Dalam jangka pendek, permintaan alat dan teknologi EBT akan melonjak. Ini menciptakan peluang bisnis bagi manufaktur lokal, perusahaan konstruksi, serta sektor logistik. Proyek pembangunan PLTS, PLTB, dan PLTP diproyeksikan menyerap lebih dari 500.000 tenaga kerja baru hingga 2030.

Dalam jangka panjang, transisi energi akan meningkatkan ketahanan ekonomi nasional karena mengurangi ketergantungan impor BBM, memperkuat neraca perdagangan, dan menurunkan biaya kesehatan akibat polusi udara.

Bank Indonesia memperkirakan investasi hijau akan menambah pertumbuhan ekonomi 0,8–1,2% per tahun jika dijalankan konsisten dan didukung insentif fiskal yang kuat.

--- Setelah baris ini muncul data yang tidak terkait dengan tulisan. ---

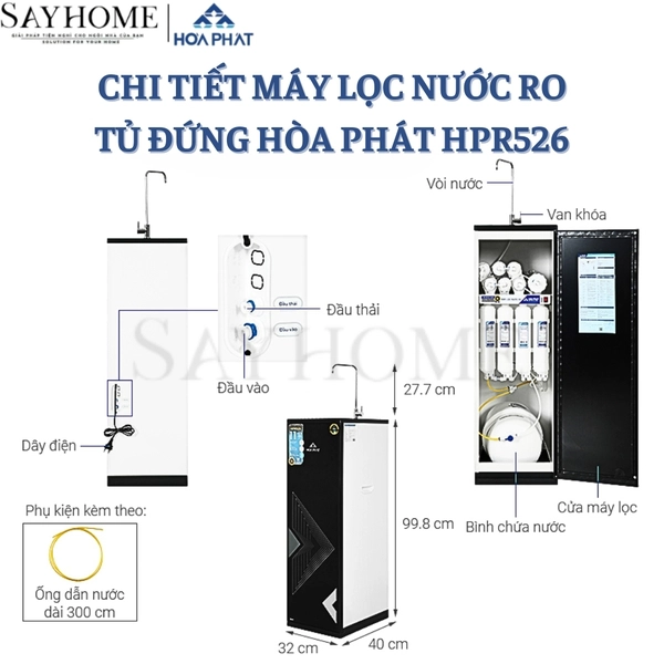 Máy lọc nước RO Hòa Phát HPR526 là máy lọc nước với 11 lõi lọc công suất 15 lít/giờ và màng lọc RO 75 GPD nhập khẩu Hàn Quốc đạt tiêu chuẩn quốc tế NSF/ ANSI 58. Cung cấp nước sau lọc đạt chuẩn nước uống trực tiếp của Bộ Y Tế.

Perubahan di Sektor Industri dan Transportasi

UU Energi Hijau ini juga akan mengubah peta industri dan transportasi nasional. Industri padat energi seperti semen, baja, pupuk, dan tekstil diwajibkan mengurangi emisi secara bertahap dan memakai minimal 25% listrik dari energi terbarukan pada 2030.

Sektor transportasi diwajibkan mengalihkan 50% armada angkutan umum perkotaan menjadi kendaraan listrik pada 2035. Pemerintah juga memberikan insentif besar untuk investasi pabrik baterai, daur ulang baterai, dan stasiun pengisian kendaraan listrik umum (SPKLU).

Semua langkah ini diharapkan mendorong lahirnya industri hijau baru yang bisa menjadi motor pertumbuhan ekonomi Indonesia setelah era batubara berakhir.


Tantangan Implementasi di Lapangan

Meski ambisius, implementasi UU ini akan menghadapi tantangan berat. Pertama, biaya awal pembangunan infrastruktur EBT sangat mahal. PLTB dan PLTS memerlukan jaringan transmisi baru dan teknologi penyimpanan Energi Hijau (baterai) yang masih langka di Indonesia.

Kedua, masalah birokrasi. Selama ini izin pembangunan proyek EBT memakan waktu hingga dua tahun karena tumpang tindih regulasi pusat dan daerah. Tanpa reformasi perizinan, target EBT sulit tercapai.

Ketiga, resistensi politik. Banyak daerah penghasil batubara yang khawatir kehilangan PAD, sehingga dikhawatirkan akan menghambat implementasi di lapangan.

Keempat, masih minimnya SDM terampil di bidang energi terbarukan. Pemerintah perlu mempercepat pelatihan teknisi, insinyur, dan manajer proyek EBT.


Harapan Masa Depan: Indonesia Sebagai Raksasa Energi Hijau Asia

Banyak analis menilai Indonesia berpotensi menjadi raksasa energi hijau Asia jika implementasi UU ini berjalan konsisten.

Indonesia punya potensi EBT luar biasa: 207 GW tenaga surya, 95 GW tenaga air, 60 GW tenaga angin, 29 GW panas bumi, dan 57 GW bioenergi. Selama ini baru kurang dari 15% yang dimanfaatkan.

Dengan kombinasi sumber daya besar, pasar domestik raksasa, dan payung hukum jelas, Indonesia bisa menjadi produsen dan pengekspor teknologi energi hijau, sekaligus menciptakan jutaan lapangan kerja hijau berkualitas tinggi.

Kesuksesan transisi energi juga akan meningkatkan citra Indonesia di mata dunia, membuka akses pendanaan global, dan memperkuat posisi Indonesia dalam diplomasi iklim internasional.


Penutup: Lompatan Besar Menuju Masa Depan Bersih

RUU Energi Hijau 2025 menandai keberanian Indonesia mengambil langkah besar keluar dari ketergantungan batubara menuju masa depan energi bersih.

Tantangan memang besar: pendanaan, birokrasi, resistensi politik, dan kesiapan SDM. Tapi manfaatnya jauh lebih besar: udara bersih, ekonomi tangguh, dan generasi masa depan yang hidup tanpa ancaman krisis iklim.

Pengesahan UU ini bukan akhir, melainkan awal dari revolusi energi yang akan menentukan wajah Indonesia pada abad ke-21.